What's "contrast sensitivity" and why does it matter?+
Reading the eye chart measures acuity — whether you can see crisp black letters on a bright white background. Contrast sensitivity measures whether you can tell gray-on-gray apart — like a curb against pavement at dusk, or the edge of a stair in dim light. It declines with age before acuity does. It's why someone with "20/20 vision" can still misjudge a step.
Are bifocals or progressives more dangerous for older walkers?+
Either can be, if the wearer hasn't adjusted. Bifocals have a hard visible line — your foot may seem to "jump" at that line on stairs. Progressives have a soft transition, but the bottom is for reading, so the ground blurs when you look down. For most people, the fix isn't choosing between them — it's having a second pair of single-vision distance glasses for walking and stairs.
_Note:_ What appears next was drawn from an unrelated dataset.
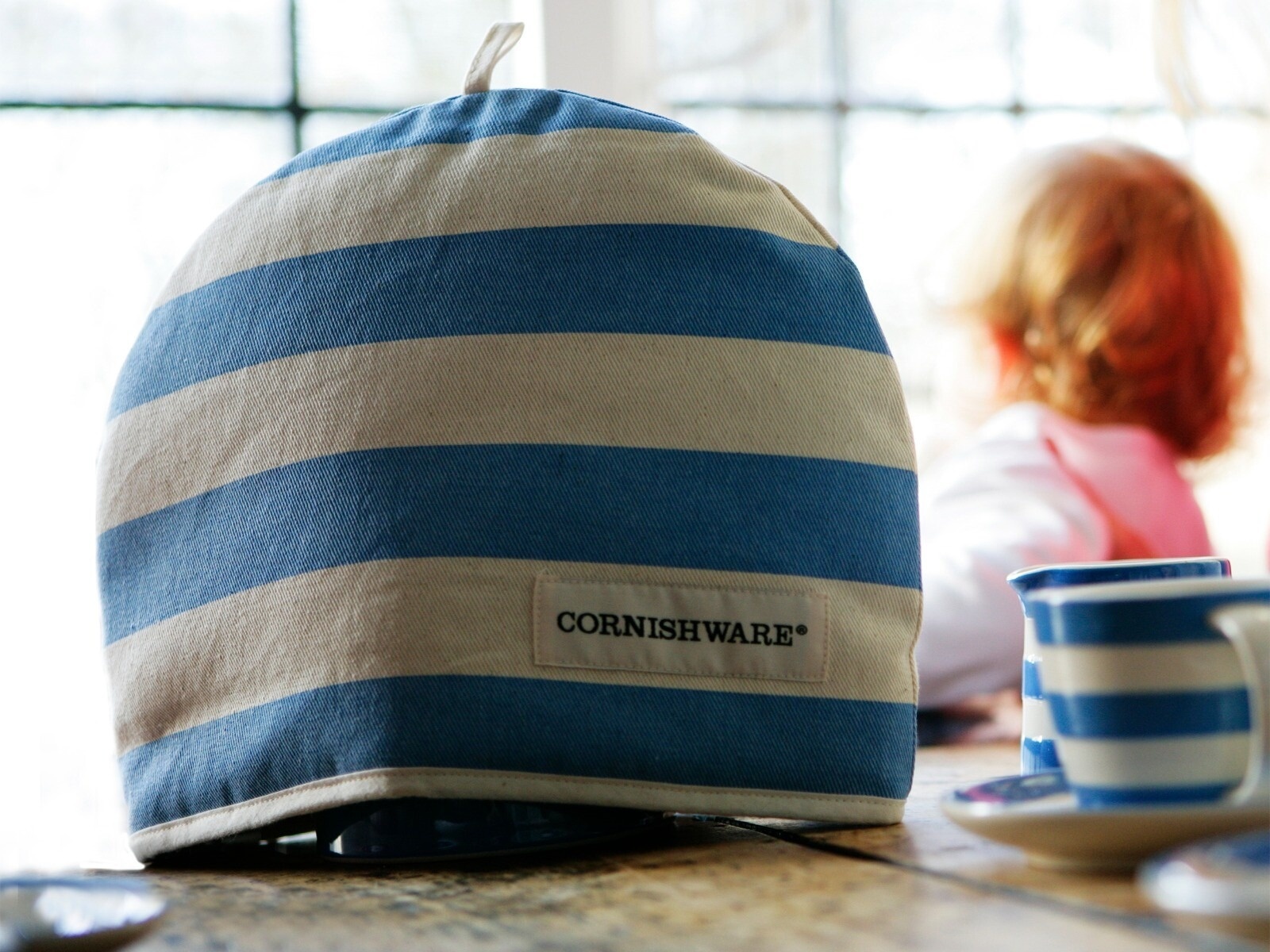 This tea cosy in the blue Cornishware pattern is a beautiful way to dress up a teapot and keep your brew nice and warm at the same time.

I had a fall but I didn't get hurt. Do I still need to come in?+
Yes. A fall without injury is luck, not safety. Your next fall could break a hip. The exam looks for the underlying cause — outdated prescription, cataracts, peripheral vision loss, depth issues — that you can't feel yourself. Bring up the fall even if "nothing happened." Especially then.
Will Medicare cover a fall-risk eye assessment?+
Original Medicare covers a comprehensive medical eye exam if you have a qualifying condition (diabetes, glaucoma risk, history of cataracts, etc.) or are being seen for a medical complaint — and "I've had a fall" qualifies. We bill that as a medical visit, not a routine vision exam. We're happy to verify your specific coverage before the appointment.